I'm wondering just who is my system administrator. Surely it is meant to be me. I run Millennium and this PC is owned and used only by myself. No one else uses it, however I'm getting two messages that stop me configuring and using certain components. Irritating to say the least.
!st is "this program cannot run due to restrictions in effect on this computer. Please contact your system administrator" exe files and zips.
2nd is "Access to this feature has been disabled by a restriction set by your system administrator"....settings>control panel>users.

This is similar to martinbecks problem back in 2001 these forums, but I can't find the files he was directed to on my computer unfortunately. I'm putting that down to his OS is 98, mine's Me. 

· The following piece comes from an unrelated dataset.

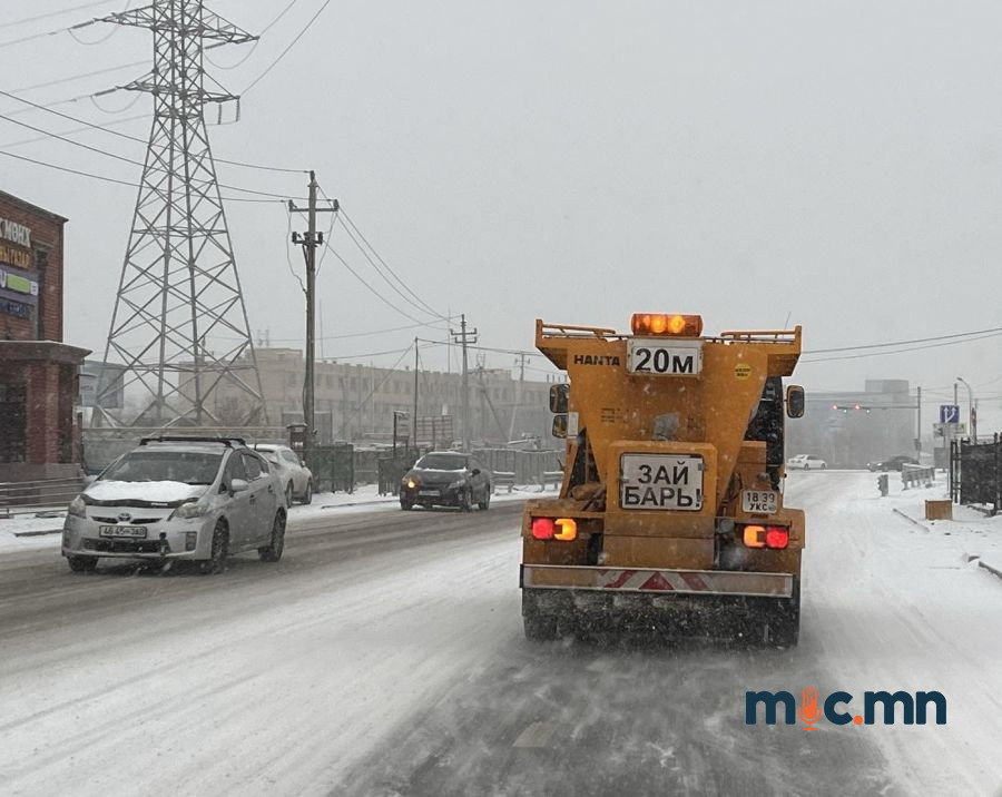 Нийслэл хотод орсон цастай холбогдуулан авто болон явган замд халтиргаа гулгаа үүсэхээс сэргийлж давс, бодис цацаж байна.

thanks for any suggestions


----------



## Krelian (Mar 10, 2004)

Click the Start Buttom
Select Run
Type in regedit

Click the (+)'s to navigate to...

HKEY_CURRENT_USER->Software->Microsoft->Windows->CurrentVersion->Policies->Explorer

Click on the folder which reads Explorer
In the right hand panel you will see an entry which reads "NoControlPanel"
Delete It

Reboot

Please repost letting us know if this fixes it or not so that the administrators may mark this post as needed.


----------



## KMW (Apr 1, 2004)

Thanks Krelian, I actually fixed the problem last night, did a system restore to an earlier date, and then went into registry as you hint and not deleted, but changed the (1) to a (0), that got it. My computer running sweet, no phantom admin in sight, only me when I look in the mirror.

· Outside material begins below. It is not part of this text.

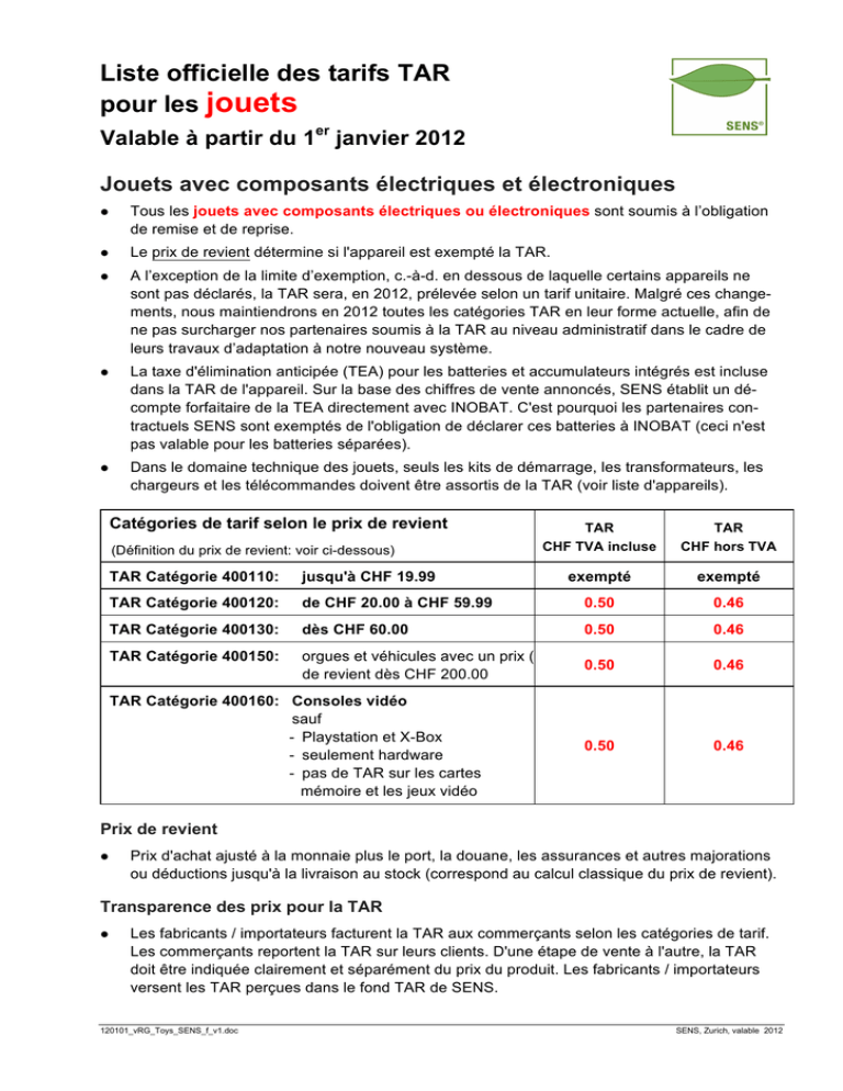 Liste officielle des tarifs TAR pour les jouets Valable à partir du 1er janvier 2012 Jouets avec composants électriques et électroniques l Tous les jouets avec composants électriques ou électroniques sont soumis à l’obligation de remise et de reprise. l Le prix de revient détermine si l'appareil est exempté la TAR. l A l’exception de la limite d’exemption, c.-à-d. en dessous de laquelle certains appareils ne sont pas déclarés, la TAR sera, en 2012, prélevée selon un tarif unitaire. Malgré ces changements, nous maintiendrons en 2012 toutes les catégories TAR en leur forme actuelle, afin de ne pas surcharger nos partenaires soumis à la TAR au niveau administratif dans le cadre de leurs travaux d’adaptation à notre nouveau système. l La taxe d'élimination anticipée (TEA) pour les batteries et accumulateurs intégrés est incluse dans la TAR de l'appareil. Sur la base des chiffres de vente annoncés, SENS établit un décompte forfaitaire de la TEA directement avec INOBAT. C'est pourquoi les partenaires contractuels SENS sont exemptés de l'obligation de déclarer ces batteries à INOBAT (ceci n'est pas valable pour les batteries séparées). l Dans le domaine technique des jouets, seuls les kits de démarrage, les transformateurs, les chargeurs et les télécommandes doivent être assortis de la TAR (voir liste d'appareils). Catégories de tarif selon le prix de revient (Définition du prix de revient: voir ci-dessous) TAR CHF TVA incluse TAR CHF hors TVA exempté exempté TAR Catégorie 400110: jusqu'à CHF 19.99 TAR Catégorie 400120: de CHF 20.00 à CHF 59.99 0.50 0.46 TAR Catégorie 400130: dès CHF 60.00 0.50 0.46 TAR Catégorie 400150: orgues et véhicules avec un prix ( de revient dès CHF 200.00 0.50 0.46 0.50 0.46 TAR Catégorie 400160: Consoles vidéo sauf - Playstation et X-Box - seulement hardware - pas de TAR sur les cartes mémoire et les jeux vidéo Prix de revient l Prix d'achat ajusté à la monnaie plus le port, la douane, les assurances et autres majorations ou déductions jusqu'à la livraison au stock (correspond au calcul classique du prix de revient). Transparence des prix pour la TAR l Les fabricants / importateurs facturent la TAR aux commerçants selon les catégories de tarif. Les commerçants reportent la TAR sur leurs clients. D'une étape de vente à l'autre, la TAR doit être indiquée clairement et séparément du prix du produit. Les fabricants / importateurs versent les TAR perçues dans le fond TAR de SENS. 120101_vRG_Toys_SENS_f_v1.doc SENS, Zurich, valable 2012 Liste officielle des tarifs TAR pour les jouets l page 2 Les commerces spécialisés et les détaillants (vente au consommateur final) doivent inclure la TAR dans leurs prix de vente. Nous recommandons toutefois d’indiquer au consommateur que la TAR est incluse (p. ex. en mentionnant «TAR incluse»). Pour les détails, voir la feuille d’information du seco concernant l’ordonnance sur l’indication des prix du 1er juin 2005. Explications 1. Les tarifs TAR sont valables pour une année, à partir du 1er janvier. La liste d’appareils n’est pas définitive et sera retravaillée continuellement. 2. Tous les appareils ne figurant pas sur cette liste qui comportent des composants électriques ou électroniques et qui sont semblables à l’un des produits listés sont également soumis à la TAR. 3. Nous vous saurions gré de nous signaler tout appareil que vous ne trouveriez pas sur la liste. Il sera introduit dans la liste valable pour la prochaine période. Vous contribuez ainsi à actualiser et à compléter la liste des appareils. 4. Les appareils de garantie aussi bien que de remplacement sont soumis à la TAR depuis le 01.01.2011. 5. Les appareils prévus pour l’exportation sont exemptés de la TAR, pour autant que la preuve puisse être apportée qu’ils ont bien été exportés 6. En cas de problèmes avec la liste d’appareils, de questions de toute sorte ou de demandes concernant le niveau ou l’application de la TAR, vous avez la possibilité d’intervenir en contactant les personnes suivantes: Teresa Medaglia (gestion du fonds TAR), SENS, Obstgartenstrasse 28, 8006 Zurich Tél. 043 255 20 02 / courriel: [email protected] ou votre représentant dans la Commission TAR M. Reto Zurflüh (Association Suisse des Jouets, ASJ), z2solutions gmbh, Lörenweg 12, 4460 Gelterkinden Tél. 061 983 06 25 / courriel: [email protected] 7. Vos demandes seront traitées durant la séance de printemps et d’automne de la Commission TAR. Si la demande est approuvée, la modification correspondante sera introduite dans la liste des appareils valable pour la prochaine période. 120101_vRG_Toys_SENS_f_v1.doc SENS, Zurich, valable 2012 Liste officielle des tarifs TAR pour les jouets page 3 Liste des appareils TAR: groupes et domaines de marchandises è Les numéros des groupes de marchandises correspondent à la classification des jouets selon la «liste de Bamberger», état novembre 2003. è Tous les appareils listés ne sont pas soumis à la TAR. Un appareil listé est soumis à la TAR s’il contient un composant électrique ou électronique. è La liste des appareils n'est pas définitive. Les jouets listés sont à considérer comme des exemples! Domaine de marchandises 1: modèles réduits de trains – trams – pistes de voitures – modèles réduits de voitures H0, N, Z 10 Modèles réduits de trains / accessoires techniques I et 0: TAR uniquement sur les kits de démarrage et les transformateurs Articles avec fonctions techniques pour voie I, 0, II m LGB tels que p. ex. ensembles de base, locomotives, wagons, lignes électriques, rails, signaux de plaques tournantes, barrières, installations à fonction spécifique, pièces de rechange, lettres d’imprimerie, etc. 11 Modèles réduits de trains / accessoires techniques H0: TAR uniquement sur les kits de démarrage et les transformateurs Tous les articles avec fonctions techniques pour voie H0, comme ceux du

Told of how to fix problem in another forum.
Tried to come back in here to tell of this but site was down for some reason


----------



## Krelian (Mar 10, 2004)

Hehehehe.. Thanks for reporting to us how it went!

I remember back in days of highschool computer classes, I use to do that to all the computers so we wouldn't have to do any work. The teacher was totally clueless. Ahhh the good old days...


----------



## mitchellkat (Sep 5, 2006)

Hi,

This same problem just started happening to me, too. I went to the supposed key in regedit but I don't have that key at all. There is only "default" and "NoDriveTypeAutoRun".

I'm using XP home.

Thanks

-Kat


----------